Stored dataset items

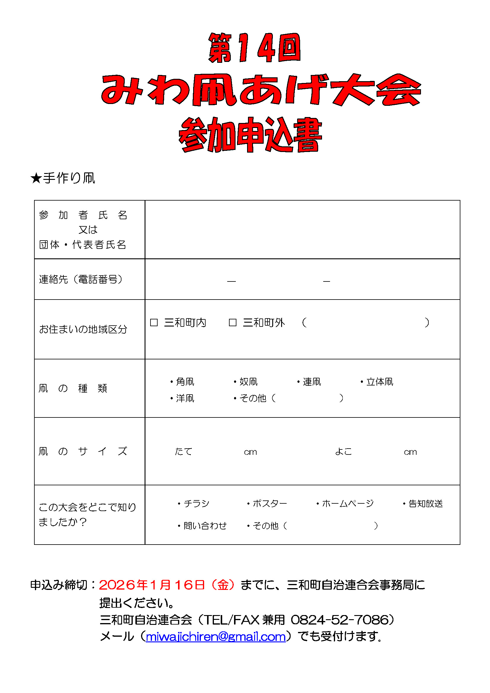 第14回 みわ凧あげ大会 参加者募集!! 公開日:2025年12月25日 三和情報三和町三和町地域情報三和町自治連合会上山上板木下板木敷名 2026年1月25日(日)三和総合運動公園陸上競技場にて、第14回みわ凧あげ大会を開催します。 町内外問わず、どこの地域からでも参加者していただけます! 参加申込書の締め切りは2026年1月16日(金)までとなっており、 三和町自治連合会【TEL/FAX兼用 0824-52-7086】 メール miwajichiren@gmail.com のどちらからでもお申込みいただけます。 みなさまのご応募お待ちしております♬ 関連記事 美波羅川千本桜開花状況(R3 4/1)2月24(土)サンホール体験会開催いたします!防災キャンプのおしらせ美波羅川千本桜開花状況(R4 3/30)美波羅川千本桜開花状況(R3 3/26)出張ピアノコンサートのおしらせ 投稿ナビゲーション 新沢としひこ&あおぞらワッペン ファミリーコンサート2026/3/1(日) 神楽共演大会inみわ
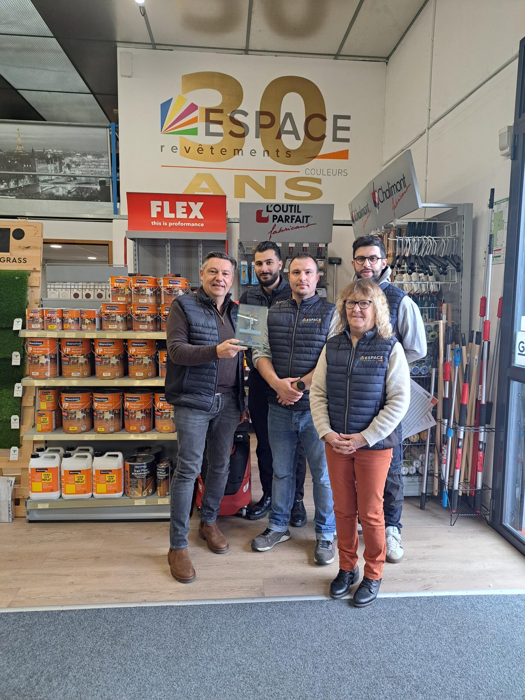 Couleurs Colmar - Espace Revêtements est fier d'avoir remporté le trophée Diamant catégorie "Qualité accueil et service client du Label Commerçant d'Alsace 2025"
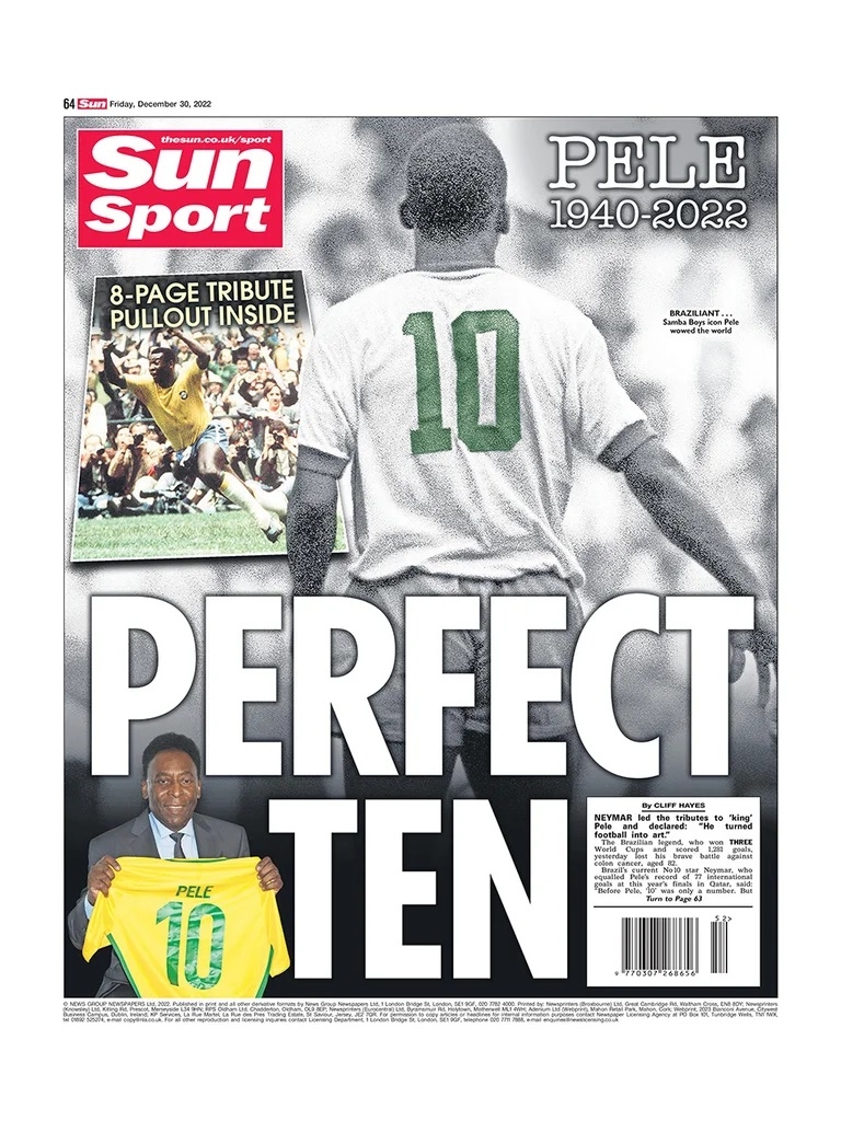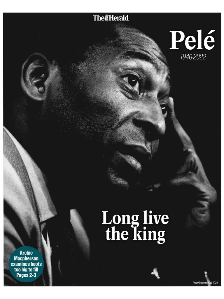 El diario escoces The Herald mostró el fallecimiento con una imagen de Pelé, que tiene una de sus manos apoyadas en la cabeza, en un carácter pensativo y la siguiente oración: “Larga vida al rey”. Su tapa estuvo enteramente dedicada al fallecimiento del ex jugador en el hospital Albert Einstein de San Pablo.
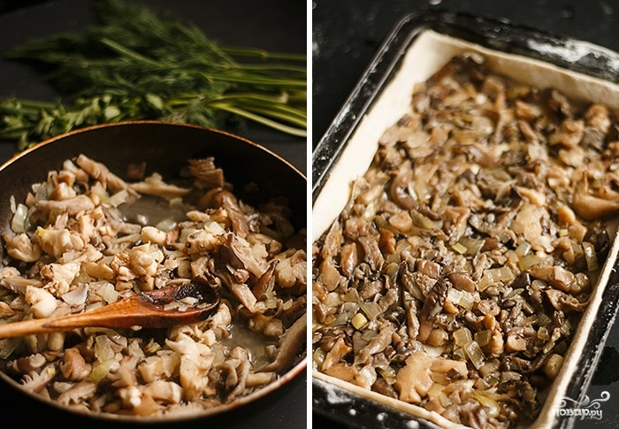 4. Посолите, поперчите грибы с луком. Снимите с огня, немного остудите и выложите в форму.
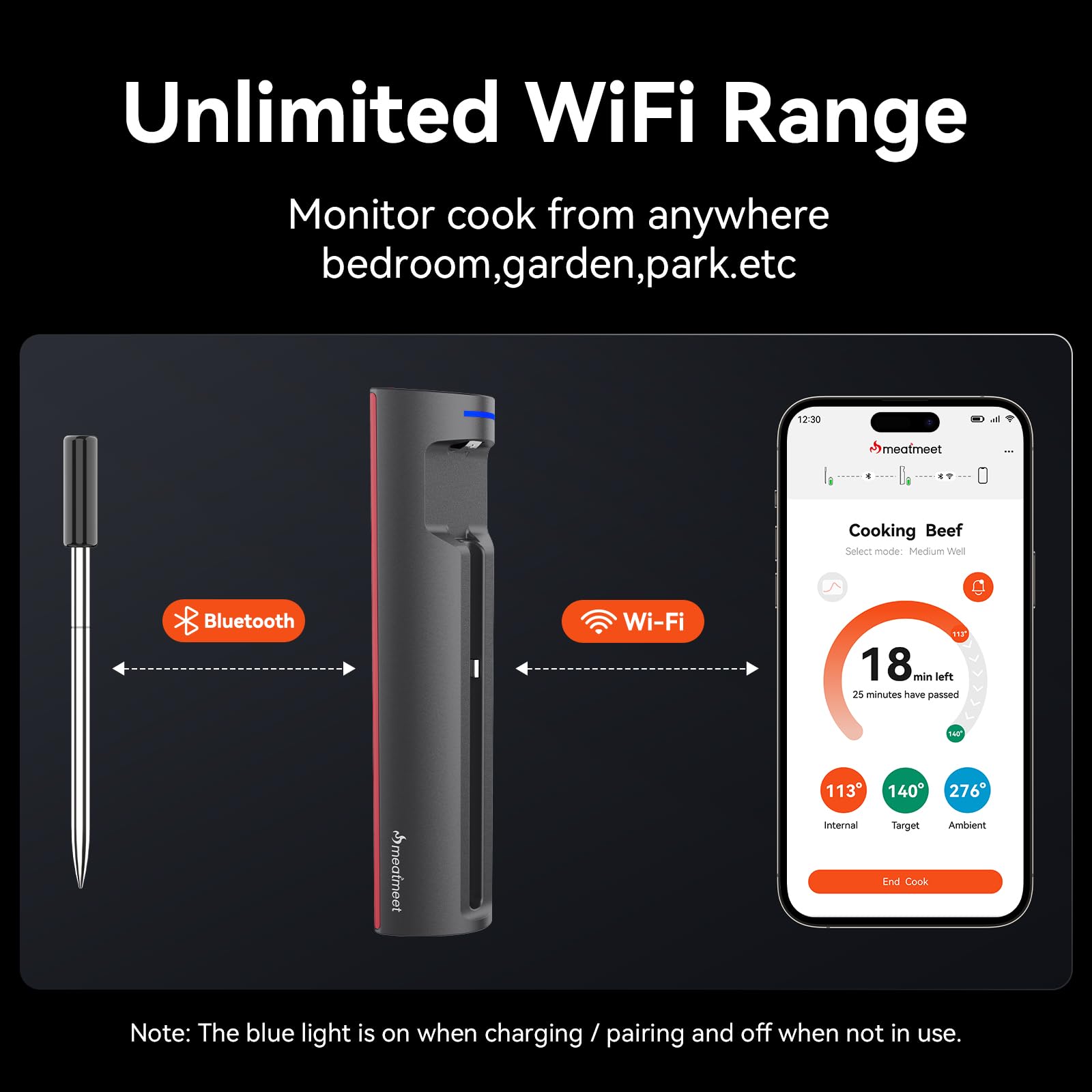 - Wireless and Unlimited: Whether you are grilling outdoors or cooking indoors, with mature WIFI technology, you can remotely monitor from anywhere. No need to stay by the grill, you can enjoy the party while ensuring that the food is cooked to perfection
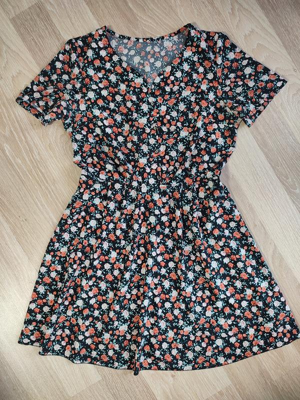 Сукня в дрібний квітковий принт Стан ідеальний Тканина не тягнеться Розмір 48 Параметри : Довжина -90 см Плечі - 39 см ПОГ - 51 см ПОТ - 39 см
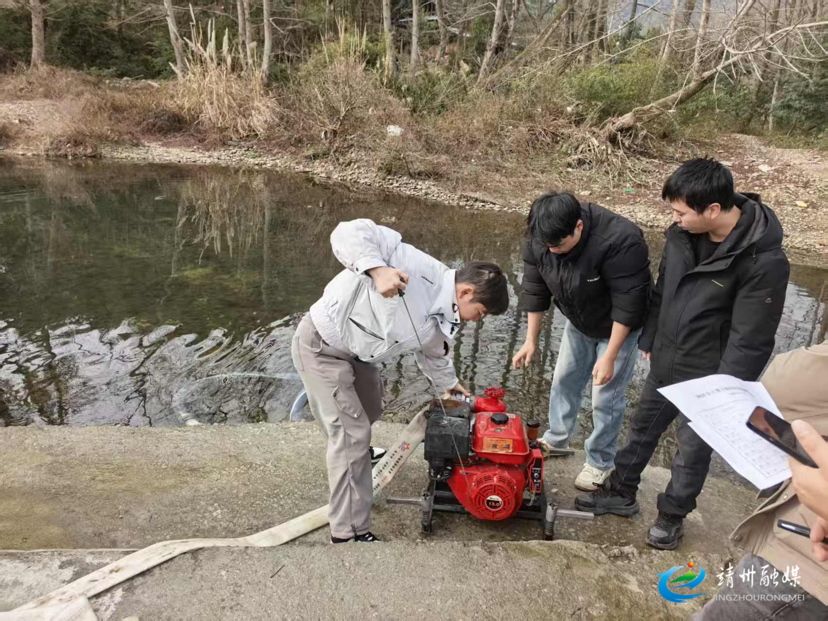 活动坚持实操实战导向,工作人员先现场演示机动泵组装、启动、供水等关键步骤,重点讲解冬季低温环境下设备防冻技巧及规范操作的要点。随后,镇政府干部分组开展实操速度比拼,各组分工协作、规范操作、奋勇争先,充分展现出务实担当的良好作风。
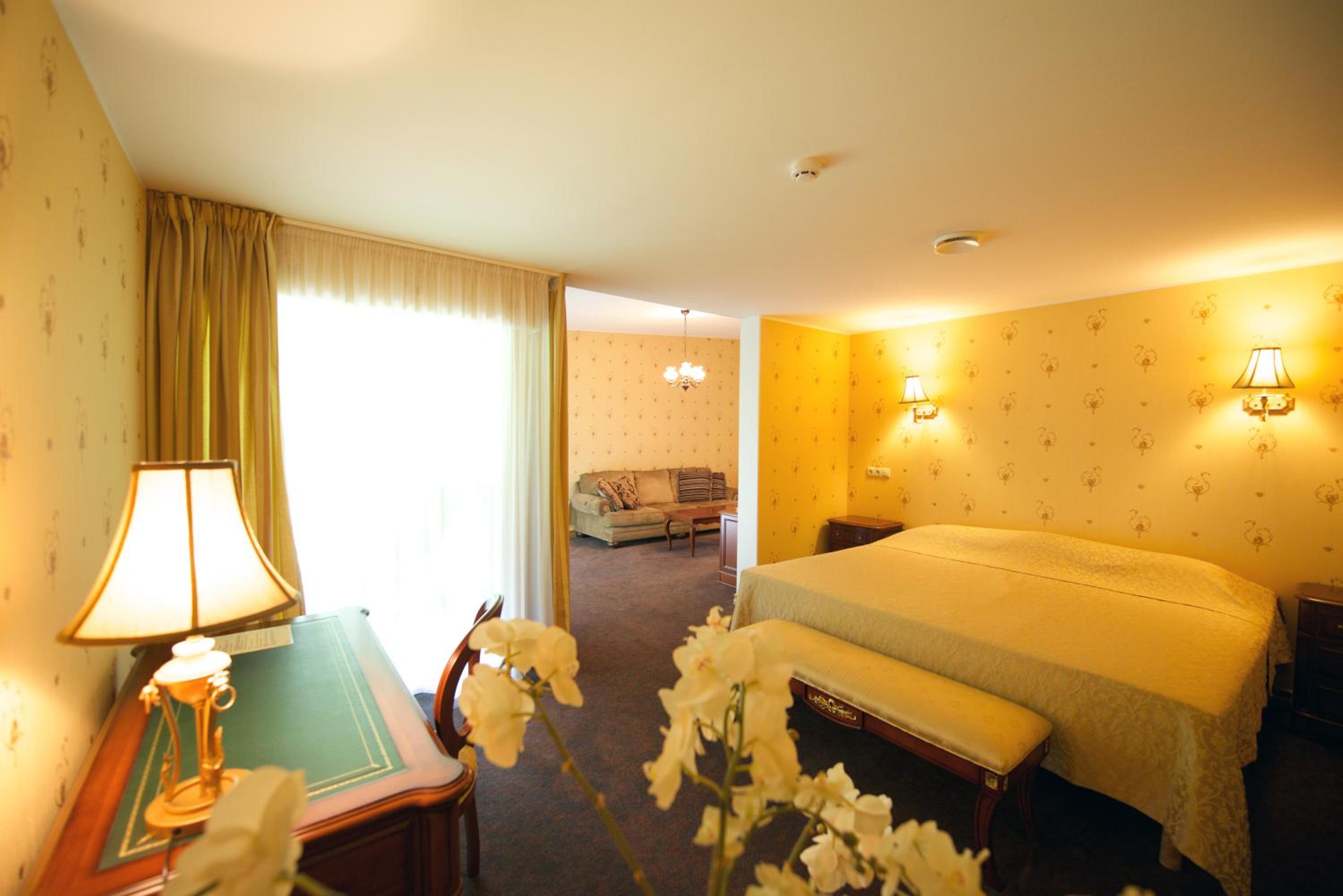 Experience luxury in our spacious rooms adorned with Art Nouveau decor, featuring modern amenities like air conditioning, comfortable beds, and flat-screen TVs.

▶ [Your task]: "活动坚持实操实战导向,工作人" marks the last line to keep. Retype every line from the start of the entries through that one, exactly, and drop the pictures.

▶ [Finished exercise]:
 第14回 みわ凧あげ大会 参加者募集!! 公開日:2025年12月25日 三和情報三和町三和町地域情報三和町自治連合会上山上板木下板木敷名 2026年1月25日(日)三和総合運動公園陸上競技場にて、第14回みわ凧あげ大会を開催します。 町内外問わず、どこの地域からでも参加者していただけます! 参加申込書の締め切りは2026年1月16日(金)までとなっており、 三和町自治連合会【TEL/FAX兼用 0824-52-7086】 メール miwajichiren@gmail.com のどちらからでもお申込みいただけます。 みなさまのご応募お待ちしております♬ 関連記事 美波羅川千本桜開花状況(R3 4/1)2月24(土)サンホール体験会開催いたします!防災キャンプのおしらせ美波羅川千本桜開花状況(R4 3/30)美波羅川千本桜開花状況(R3 3/26)出張ピアノコンサートのおしらせ 投稿ナビゲーション 新沢としひこ&あおぞらワッペン ファミリーコンサート2026/3/1(日) 神楽共演大会inみわ
 Couleurs Colmar - Espace Revêtements est fier d'avoir remporté le trophée Diamant catégorie "Qualité accueil et service client du Label Commerçant d'Alsace 2025"
 El diario escoces The Herald mostró el fallecimiento con una imagen de Pelé, que tiene una de sus manos apoyadas en la cabeza, en un carácter pensativo y la siguiente oración: “Larga vida al rey”. Su tapa estuvo enteramente dedicada al fallecimiento del ex jugador en el hospital Albert Einstein de San Pablo.
 4. Посолите, поперчите грибы с луком. Снимите с огня, немного остудите и выложите в форму.
 - Wireless and Unlimited: Whether you are grilling outdoors or cooking indoors, with mature WIFI technology, you can remotely monitor from anywhere. No need to stay by the grill, you can enjoy the party while ensuring that the food is cooked to perfection
 Сукня в дрібний квітковий принт Стан ідеальний Тканина не тягнеться Розмір 48 Параметри : Довжина -90 см Плечі - 39 см ПОГ - 51 см ПОТ - 39 см
 活动坚持实操实战导向,工作人员先现场演示机动泵组装、启动、供水等关键步骤,重点讲解冬季低温环境下设备防冻技巧及规范操作的要点。随后,镇政府干部分组开展实操速度比拼,各组分工协作、规范操作、奋勇争先,充分展现出务实担当的良好作风。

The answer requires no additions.